Quantitative real time PCR (qPCR) was used to validate CNVRs or CNVs detected in the study. The relative comparative threshold cycle (2−△△CT) method was used to quantify copy number changes by comparing the ΔCT [cycle threshold (CT) of target region minus CT of control region] value of samples with CNV to the ΔCT of a calibrator without CNV [57], [58], [59]. CNVRs (CNVs) were tested by using SYBR Green chemistry as recommended by the manufacturers. We designed the PCR primers using Primer 3 web tool (http://frodo.wi.mit.edu/primer3/). For each target CNVR, two pairs of primers were designed considering the uncertainty of the CNV boundaries. Moreover, In-Silico PCR program from the UCSC browser (http://genome.ucsc.edu/) was used for in silico specificity analysis to ensure the primers only matching with the sequence of interest. We generated standard curves for each primer of target and control regions in order to ensure approximately equal PCR efficiencies between them. A serial diluted genomic DNA samples from a common cattle was used as template for creating a standard curve of each primer. Amplification efficiencies of all primers were calculated based on the standard curves. The copy number of each CNVR (CNV) was compared with a region in the control gene Basic transcription factor 3 (BTF3) as done in previous studies [22]. All PCR primers were designed based on its reference sequence in NCBI. PCR amplifications were performed in a total volume of 20 µL consisting of the following reagents: 1 µL DNA (around 50 ng), 1 µL(20 pM/µL) of both forward primer and reverse primer, 10 µL of Master Mix (2×) and water (Roche Applied Science). All RT-PCRs were run in triplicate. PCRs were run as follows: 5 min at 95°C followed by 40 cycles at 95°C for 10sec and 60°C for 10 sec. All PCRs were performed in 96-well clear reaction plates (Roche Applied Science).
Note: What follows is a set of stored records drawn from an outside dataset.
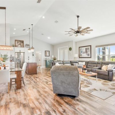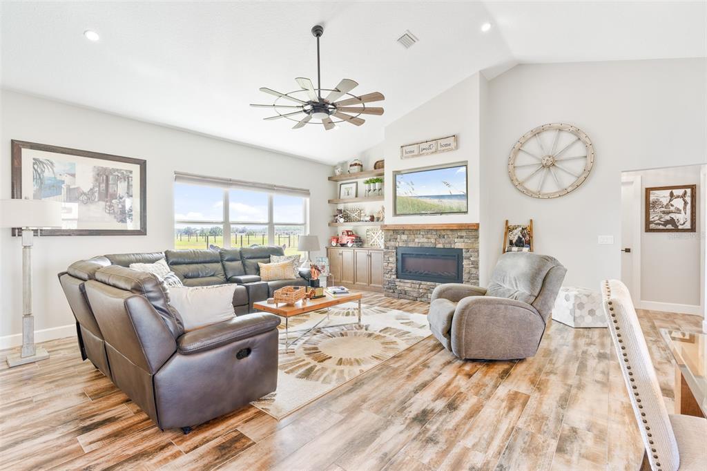 Accessibility Features, Attic Fan, Cathedral Ceiling(s), Ceiling Fan(s), Coffered Ceiling(s), Crown Molding, Eating Space In Kitchen, High Ceilings, Kitchen/Family Room Combo, Living Room/Dining Room Combo, Open Floorplan, Primary Bedroom Main Floor, Split Bedroom, Stone Counters, Thermostat, Vaulted Ceiling(s), Walk-In Closet(s)
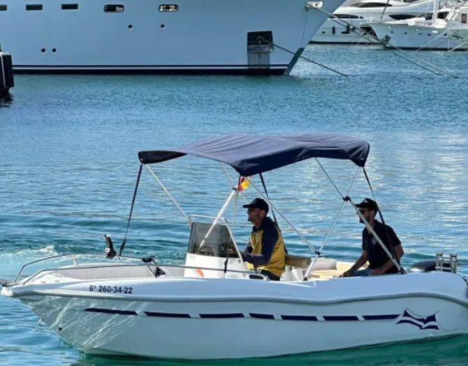 El Alquiler Barco Sin Licencia en Puerto Banús te ofrece la libertad de navegar sin licencia a bordo de una embarcación moderna, segura y muy fácil de manejar. Tiene capacidad para 6 adultos y 2 niños, ideal para disfrutar en familia o con amigos. El barco cuenta con radio Bluetooth con altavoces exteriores, nevera tipo cooler, escalera de baño, solárium con asientos acolchados y un motor fueraborda silencioso y de bajo consumo. Todo está preparado para que vivas una experiencia cómoda y relajante.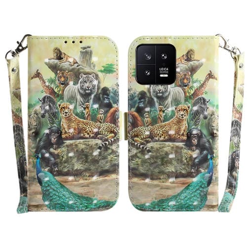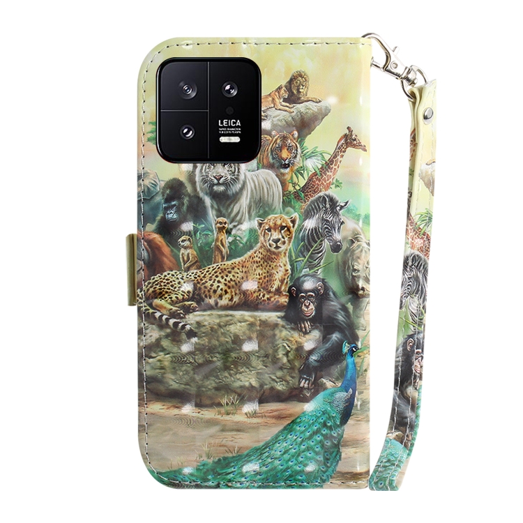 Para Xiaomi 13 5G Estuche de Teléfono de Cuero con Tapa Horizontal de Color 3D (Zoo)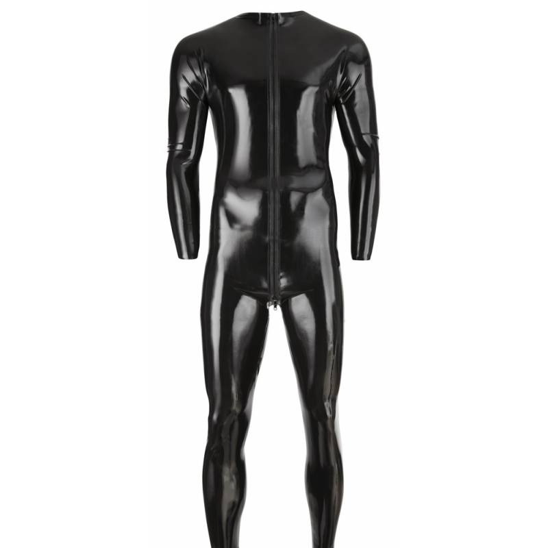 Eng anliegender Overall mit Fußteil und Drei-Wege-Reißverschluss über dem Gesäß. Ein absolutes Schmuckstück für jede Fetischgarderobe.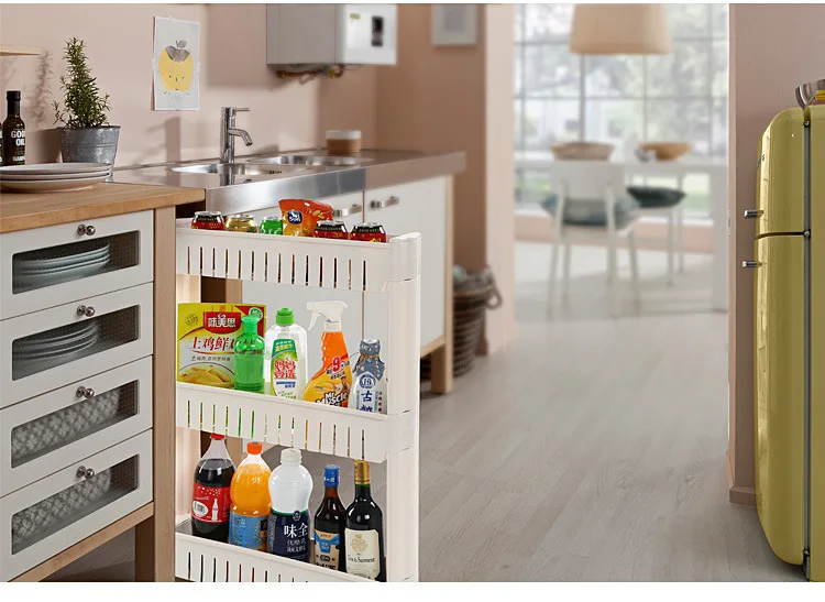 . (16% Off) Comprar Estante de almacenamiento de cocina de 3 niveles estante de deslizamiento Delgado torre de montaje móvil de plástico estante de baño ruedas organizador de ahorro de espacio Online Baratos.

The average CT value of three replications for each sample was calculated and normalized against the control gene with the assumption of existing two copies of DNA segment in the control region. For each CNVR (CNV) to be validated, a value from the formula 2×2−△△CT was calculated for each individual. The value obtained was used to judge if an individual is in normal status without CNV (if the value was around 2), in gain status (if the value was around 3 or above), or in loss status (if the value was around 0 or 1).

Results

The numbers of CNVs called by PennCNV, GADA and cnvPartition were 219, 169 and 140, respectively (Fig. 1). Among these CNVs, 71 were commonly called by both PennCNV and GADA, 61 by both PennCNV and cnvPartition, 51 by both GADA and cnvPartition, and 42 by all of the three programs. A total of 99 CNVRs (union region of overlapping CNVs called by two or three programs) across genome were identified. The lengths of these CNVRs range from 27.01 Kb to 1.31 Mb, with an average size of 234.76 Kb and a median size of 151.69 Kb. The total length of all CNVRs is 23.24 Mb and covers 0.91% of the whole bovine genome. These CNVRs are located on all chromosomes except BTAs 22, 25, 29 and X. The numbers of CNVRs vary across different chromosomes, with BTA6 having the largest proportion (Fig. 2). Among the 99 CNVRs, 81 are in loss status, one in gain status and 17 in loss-gain status. The frequencies of these CNVRs in the study population are quite different. Specifically, 14 (14.1%), 17 (17.2%), 22 (22.2%), 34 (34.3%) and 52 (52.5%) CNVRs have frequencies of above 5%, 4%, 3%, 2% and 1%, respectively. Furthermore, 11 CNVRs were identified in more than 100 individuals, 63 CNVRs in more than 10 animals and the rest in more than 3 individuals. The CNVR with the highest frequency is on BTA10, reaching 27.09% in the population. The detailed description of each CNVR identified is given in Table S1.

thumbnail
Figure 1. Numbers of CNVs identified by three programs and numbers of CNVs overlapped between different programs.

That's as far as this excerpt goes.